We started collecting front, rear, and side images. During modelling, the side view alone gave the best accuracy while cutting the data collection burden by two-thirds. Simplifying to one view also made the annotation faster and the field protocol clearer for vets.

↓

CPU-only inference

A deliberate constraint from day one — rural clinics don't have GPU servers, and we wanted per-scan costs low enough to sustain a paid product. This forced model compression, quantisation, and efficient head design. We achieved under 1.5s latency on a standard cloud CPU instance.

↓

Multi-task dataset from the start

Instead of fixing the prediction target early, the 72-class label universe supported both object detection and multiple downstream tasks. The same images drove all model heads. When we added milk yield estimation months later, we didn't need to re-label a single photo.

↓

Vets as labellers, not outsourced annotators

Domain labels like BCS and breed grade require genuine veterinary knowledge. Outsourcing to a general annotation service would have introduced systematic errors in the most important targets. Vet-annotated data consistently produced better downstream models on every metric we tracked.

10 — Results

Production impact

GauSwastha went from a research prototype to a government-deployed production system. The GauSampurna Android app, which wraps the model, reached 100,000 downloads organically through vet networks across Karnataka — without any paid marketing. A paid pilot running at 30+ government polyclinics generates 500+ revenue-generating scans daily via the app and WhatsApp.
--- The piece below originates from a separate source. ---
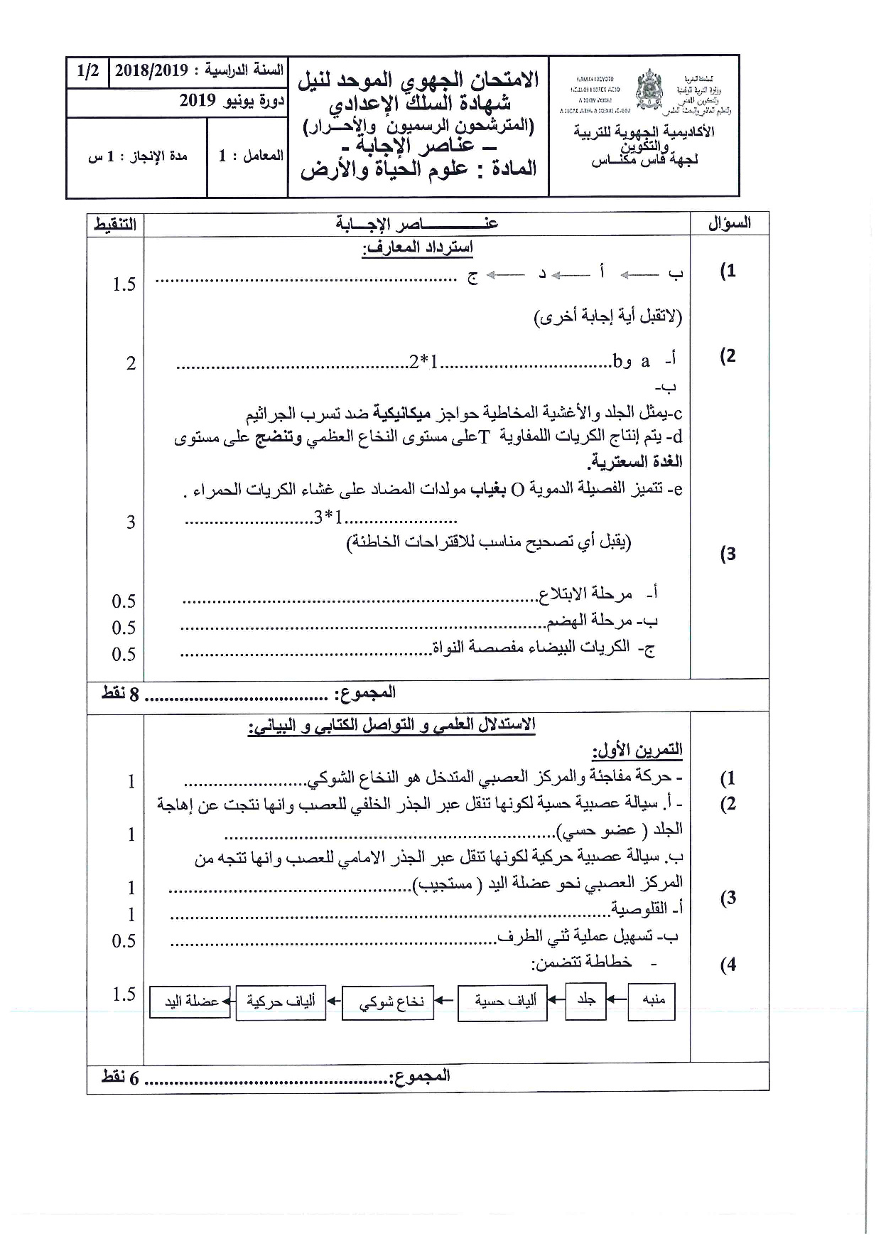 Examen régional SVT 3AC 2019 (Fès-Meknès) - Corrigé

The report covers the metrics that matter most to farmers and vets: breed grade, approximate live weight, body condition score, milk production capacity, lactation stage, and economic parameters. Everything on a single screen, delivered in under two seconds.

92% average class prediction accuracy

Across all 24 classification modules in production, the system averaged 92% top-1 accuracy predicting the right class. Disease detection modules were highest (95%+); BCS scoring was the most challenging due to the fine-grained scale and inherent inter-annotator disagreement — but the three-region ensemble pushed it above the 85% clinical acceptance threshold we set from the start.

100K+

App Downloads

GauSampurna on the Google Play Store, grown organically through vet and farmer networks.

500+

Daily Paid Scans

Revenue-generating scans through WhatsApp and the app each day — a real commercial signal.

30+

Govt. Polyclinics

Paid pilot with the Government of Karnataka — real clinical use, not a demo or grant-funded trial.

Report ready — the farmer is prompted to pay and download. 1000+ farmers have used GauSwastha for cattle health checks.

Full GauSampurna veterinary health report showing breed grade A3, body weight 514kg, BCS 2.75, milk yield and economic parameters

The output — a full veterinary health report. Breed grade A3, live weight ~514kg, BCS 2.75, milk yield 18–24L/day, economic value range. All from one photo.